Despite my determination not to get sucked into blogland this week, things keep coming up. This morning I listened to a voice-mail left last week (sorry) by someone who didn’t identify himself, but who sounded as though he is a lawyer. He seemed to be quite familiar with Superior Court Judge Ernest Murphy’s libel case against the Boston Herald, and was contemptuous of my commentary about it.
I didn’t save his message, so no direct quotes. But I do want to consider his two main arguments:
1. Anyone who has done his homework would know that the reason Murphy asked Herald publisher Pat Purcell for $3.26 million rather than the $2.1 million a jury awarded him was because Murphy was figuring in interest.
There is a simple answer to this: No. Not true.
To review, on Feb. 19, immediately after the verdict, the Boston Globe quoted David Rich, one of Murphy’s lawyers, as saying that the award amounted to $2.7 million with the interest that had accumulated since the suit’s filing three years earlier. One day later, Murphy sent a letter to Purcell seeking $3.26 million as the price for ending the case.
Nor has Murphy’s lead counsel, Howard Cooper, explained the mark-up in a convincing manner.
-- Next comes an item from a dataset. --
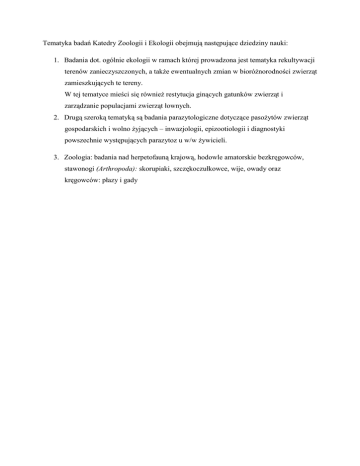 Tematyka badań Katedry Zoologii i Ekologii obejmują następujące dziedziny nauki: 1. Badania dot. ogólnie ekologii w ramach której prowadzona jest tematyka rekultywacji terenów zanieczyszczonych, a także ewentualnych zmian w bioróżnorodności zwierząt zamieszkujących te tereny. W tej tematyce mieści się również restytucja ginących gatunków zwierząt i zarządzanie populacjami zwierząt łownych. 2. Drugą szeroką tematyką są badania parazytologiczne dotyczące pasożytów zwierząt gospodarskich i wolno żyjących – inwazjologii, epizootiologii i diagnostyki powszechnie występujących parazytoz u w/w żywicieli. 3. Zoologia: badania nad herpetofauną krajową, hodowle amatorskie bezkręgowców, stawonogi (Arthropoda): skorupiaki, szczękoczułkowce, wije, owady oraz kręgowców: płazy i gady Opiekunami prac dyplomowych mogą być: 1. Prof. dr hab. Maria Rościszewska Dziedzina: Fauna bezkręgowców terenów zanieczyszczonych 2. Dr hab. Zbigniew Bonczar, prof. UR Dziedzina: Funkcjonowanie populacji zwierząt w różnych ekosystemach Przykładowe tematy prac: 1. Funkcjonowanie miejskiej populacji (grzywacza, pustułki, puszczyka krukowatych) w aglomeracji krakowskiej. 2. Środowiskowe uwarunkowania funkcjonowania populacji jarząbka w lasach górskich 3. Dr Irena Grześ Dziedzina: Entomologia środowiskowa: odpowiedź owadów (mrówki, chrząszcze) na zanieczyszczenia, różnorodność gatunkowa na terenach zanieczyszczonych i zdegradowanych, biologia i ekologia owadów społecznych. Przykładowe tematy prac: 1. Zmiany morfologiczne u owadów jako wskaźnik zanieczyszczenia. 2. Unikanie skażonego pokarmu u bezkręgowców: przykłady, mechanizm, i znaczenie w tolerancji metali ciężkich. 3. Mechanizmy tolerancji zanieczyszczeń metalami ciężkimi u owadów. 4. Dlaczego różnorodność gatunkowa owadów może być większa na terenach skażonych niż na terenach czystych? 5. Hipoteza średnich zaburzeń i jej znaczenie w badaniach ekotoksykologicznych. 4. Dr Paweł Nosal Dziedzina: Zoologia ze szczególnym uwzględnieniem parazytologii. Przykładowe tematy prac: 1. Parazytofauna zwierząt z hodowli amatorskich 2. Parazytofauna dzików zasiedlających różne ekosystemy 3. Dynamika zarażenia królików w różnych warunkach chowu 4. Gzowate jako pasożyty zwierząt hodowlanych 5. Parazytofauna parzystokopytnych utrzymywanych w ogrodach zoologicznych. 5. Dr Marta Skalska Dziedzina: Parazytologia środowiskowa: zależność stanu i dynamiki zarażenia bydła, owiec i kóz oraz przeżuwaczy wolno żyjących od warunków chowu, wieku, płci, rasy oraz systemu chowu, charakterystyka i znaczenie pasożytów najczęściej występujących u przeżuwaczy. Przykładowe tematy prac: 1. Zarażenie pasożytami przewodu pokarmowego owiec w obiekcie A w sezonie pastwiskowym (rok). 2. Dynamika zarażenia pasożytami przewodu pokarmowego kóz w chowie pastwiskowym. 3. Biologia i znaczenie tasiemców z rodzaju Moniezia w chowie bydła. Biologiczne adaptacje Protostrongylidae do pasożytowania 6. Dr Sławomir Kornaś Dziedzina: Zoologia ze szczególnym uwzględnieniem parazytologii. Przykładowe tematy prac: 1. Występowanie endopasożytów u kotów i psów z różnych środowisk 2. Endopasożyty koni w świetle badań koproskopowych i sekcyjnych 3. Parazytofauna zająca szaraka (Lepus europaeus) 4. Pasożytnicze muchówki (Diptera) jeleniowatych (Cervidae) 5. Bioróżnorodność pająków z rodziny ptasznikowatych (Theraphosidae) 6. Wpływ czynników fizyko-chemicznych na rozwój larwalny płazów z rodziny Dendrobatidae ] 7. Charakterystyka wybranych gatunków jaszczurek z rodziny Gekkonidae
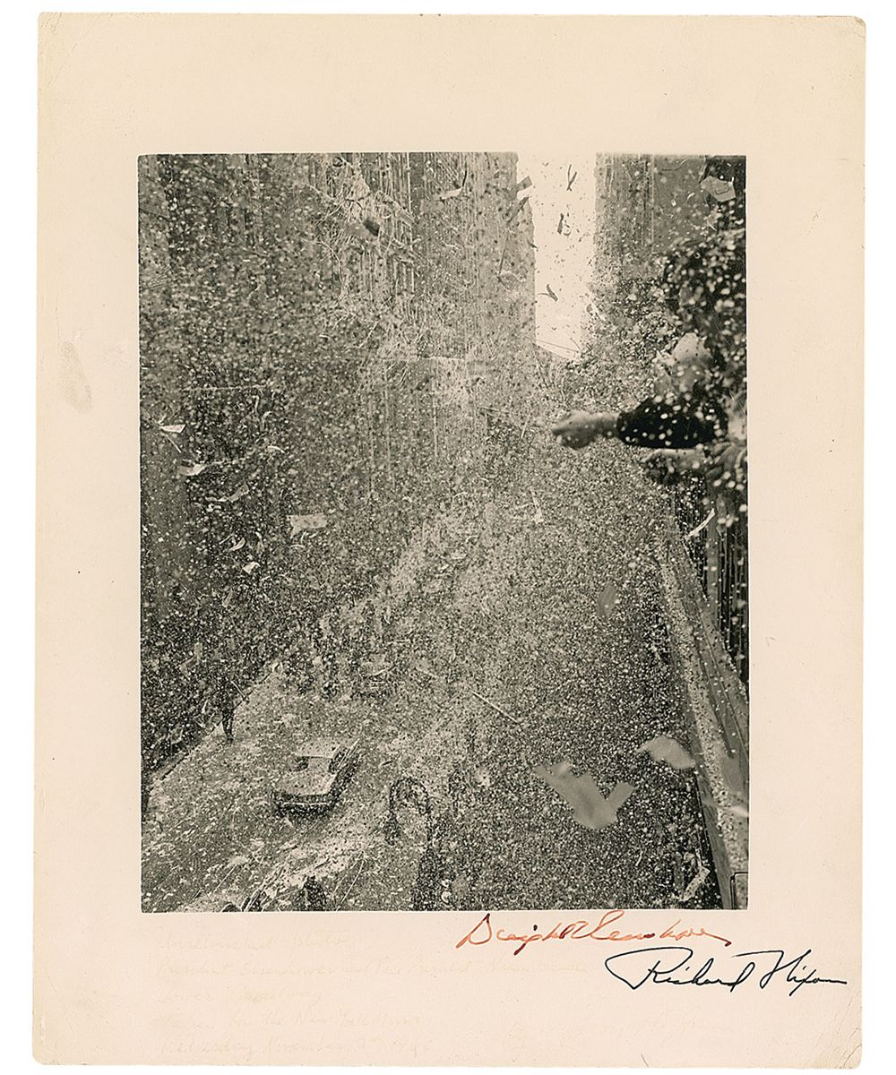Vintage matte-finish 11 x 14 photo of the ticker tape parade for Nixon and Eisenhower on Broadway in 1960, signed in the lower border in fountain pen by Eisenhower. Nixon’s signature is secretarial. In very good condition, with scattered surface marks and creases to borders, impressions to lower border from a notation describing the image, and the signature a shade light.

Last week, Mark Jurkowitz of the Boston Phoenix covered a news conference at which Cooper said the $2.7 million has grown to $2.95 million, as the 12 percent interest clock keeps ticking away. That makes sense. So what’s up with the $3.26 million? Jurkowitz wrote: “He [Cooper] claimed the judge’s dollar figure ‘could be seen to represent a hypothetical discount from the Herald’s worst case scenario,’ in which the paper could end up owing more.”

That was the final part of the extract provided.